(Task):
Transcribe the data below verbatim from the line with "Vorteile: Dezente Strahler" to the line with "Women'S Summer Striped". Include both of those lines.
━━ Information provided
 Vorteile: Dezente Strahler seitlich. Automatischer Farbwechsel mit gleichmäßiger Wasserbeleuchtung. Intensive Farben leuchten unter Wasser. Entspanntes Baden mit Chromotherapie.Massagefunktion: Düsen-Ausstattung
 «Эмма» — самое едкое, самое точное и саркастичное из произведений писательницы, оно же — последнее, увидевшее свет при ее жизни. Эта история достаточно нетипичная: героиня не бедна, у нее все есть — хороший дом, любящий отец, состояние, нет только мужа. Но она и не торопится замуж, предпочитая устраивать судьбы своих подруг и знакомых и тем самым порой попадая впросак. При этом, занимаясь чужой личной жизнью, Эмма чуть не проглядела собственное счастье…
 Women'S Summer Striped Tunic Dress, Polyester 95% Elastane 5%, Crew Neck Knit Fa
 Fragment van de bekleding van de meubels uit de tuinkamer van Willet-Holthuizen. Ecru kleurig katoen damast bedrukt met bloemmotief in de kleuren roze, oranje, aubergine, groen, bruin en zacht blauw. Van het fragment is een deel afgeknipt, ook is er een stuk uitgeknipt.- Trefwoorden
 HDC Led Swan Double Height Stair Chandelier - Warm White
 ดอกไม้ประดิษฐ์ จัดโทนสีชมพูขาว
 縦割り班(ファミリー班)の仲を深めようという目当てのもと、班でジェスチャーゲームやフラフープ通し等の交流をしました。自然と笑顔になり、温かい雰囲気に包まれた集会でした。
━━━━
━━ Information provided
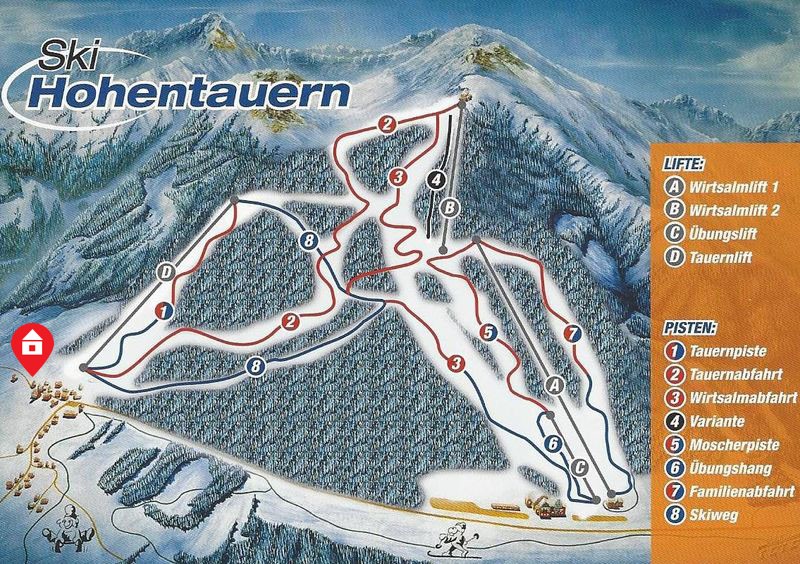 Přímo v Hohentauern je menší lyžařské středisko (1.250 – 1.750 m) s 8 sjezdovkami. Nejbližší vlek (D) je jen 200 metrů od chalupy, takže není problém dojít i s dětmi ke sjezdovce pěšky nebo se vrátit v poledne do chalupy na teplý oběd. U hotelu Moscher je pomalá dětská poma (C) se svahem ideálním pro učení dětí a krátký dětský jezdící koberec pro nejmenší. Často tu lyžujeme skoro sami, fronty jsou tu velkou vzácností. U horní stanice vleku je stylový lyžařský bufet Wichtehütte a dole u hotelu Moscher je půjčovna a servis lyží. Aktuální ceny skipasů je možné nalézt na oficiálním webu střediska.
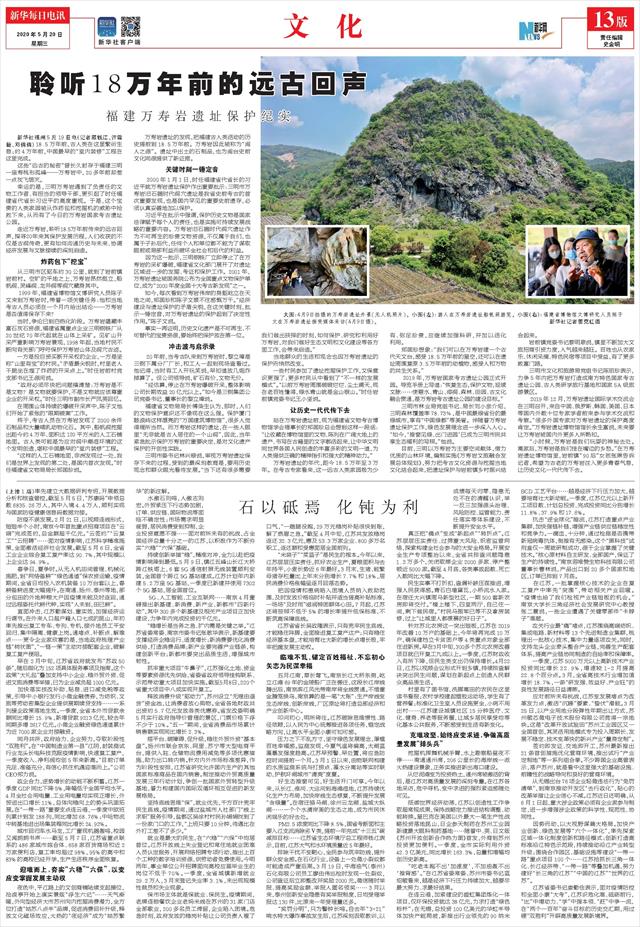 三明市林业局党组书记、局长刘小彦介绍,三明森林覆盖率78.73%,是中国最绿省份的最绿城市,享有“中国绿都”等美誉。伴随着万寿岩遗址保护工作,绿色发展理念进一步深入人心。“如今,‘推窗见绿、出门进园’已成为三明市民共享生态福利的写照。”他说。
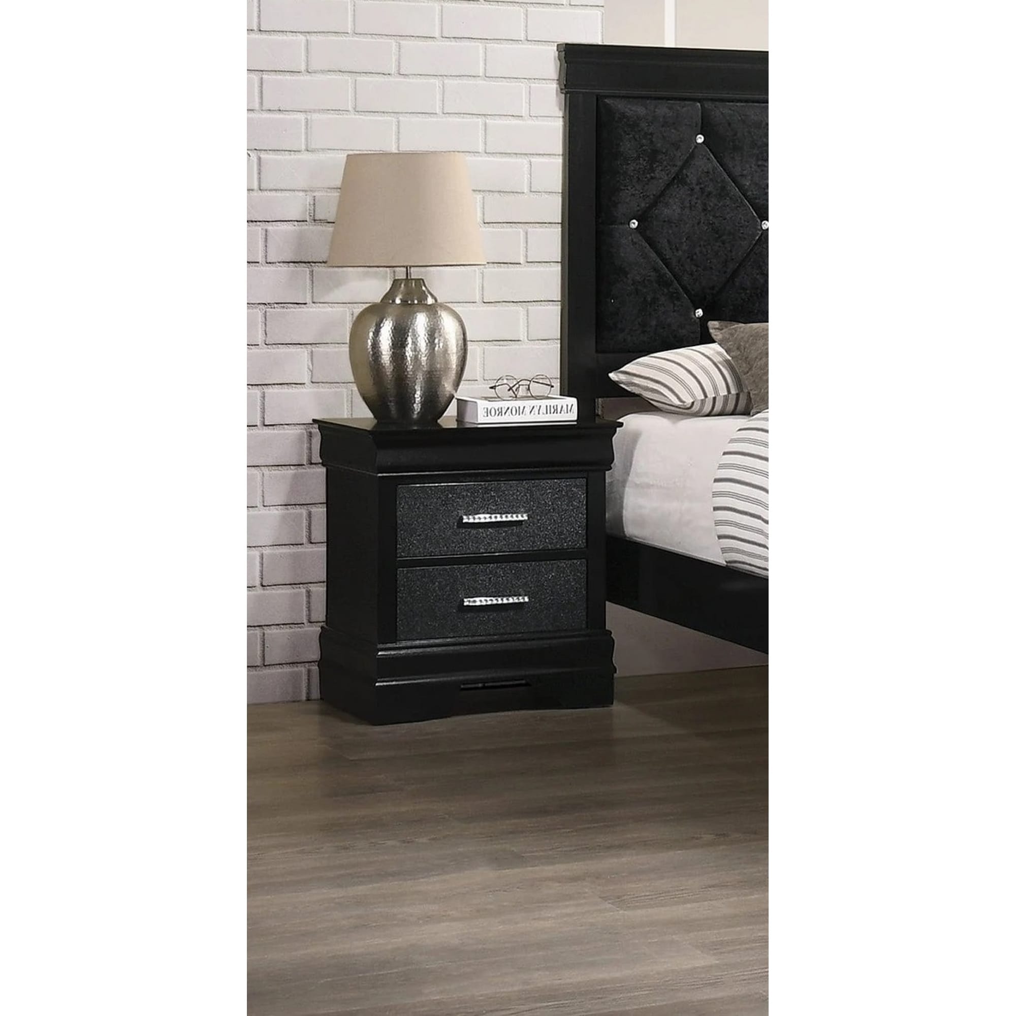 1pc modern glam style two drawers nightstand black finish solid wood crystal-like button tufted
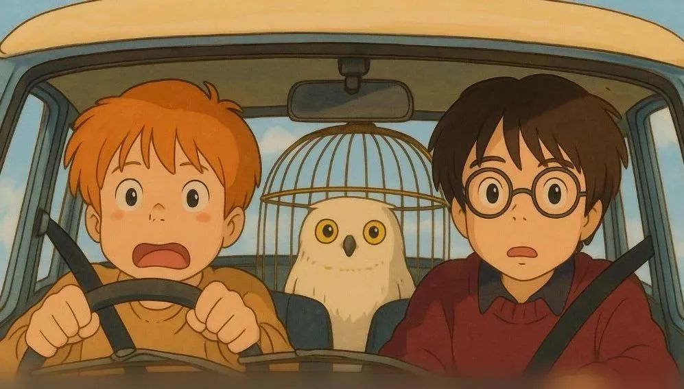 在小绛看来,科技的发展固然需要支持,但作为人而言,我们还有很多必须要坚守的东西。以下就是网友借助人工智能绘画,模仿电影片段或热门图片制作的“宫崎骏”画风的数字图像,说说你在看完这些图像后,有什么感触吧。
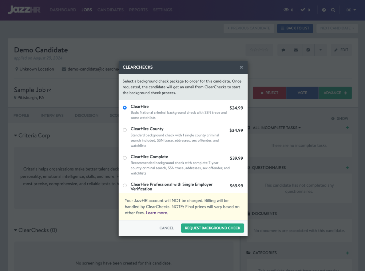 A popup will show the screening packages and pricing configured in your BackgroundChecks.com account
━━━━
(Task solution):
 Vorteile: Dezente Strahler seitlich. Automatischer Farbwechsel mit gleichmäßiger Wasserbeleuchtung. Intensive Farben leuchten unter Wasser. Entspanntes Baden mit Chromotherapie.Massagefunktion: Düsen-Ausstattung
 «Эмма» — самое едкое, самое точное и саркастичное из произведений писательницы, оно же — последнее, увидевшее свет при ее жизни. Эта история достаточно нетипичная: героиня не бедна, у нее все есть — хороший дом, любящий отец, состояние, нет только мужа. Но она и не торопится замуж, предпочитая устраивать судьбы своих подруг и знакомых и тем самым порой попадая впросак. При этом, занимаясь чужой личной жизнью, Эмма чуть не проглядела собственное счастье…
 Women'S Summer Striped Tunic Dress, Polyester 95% Elastane 5%, Crew Neck Knit Fa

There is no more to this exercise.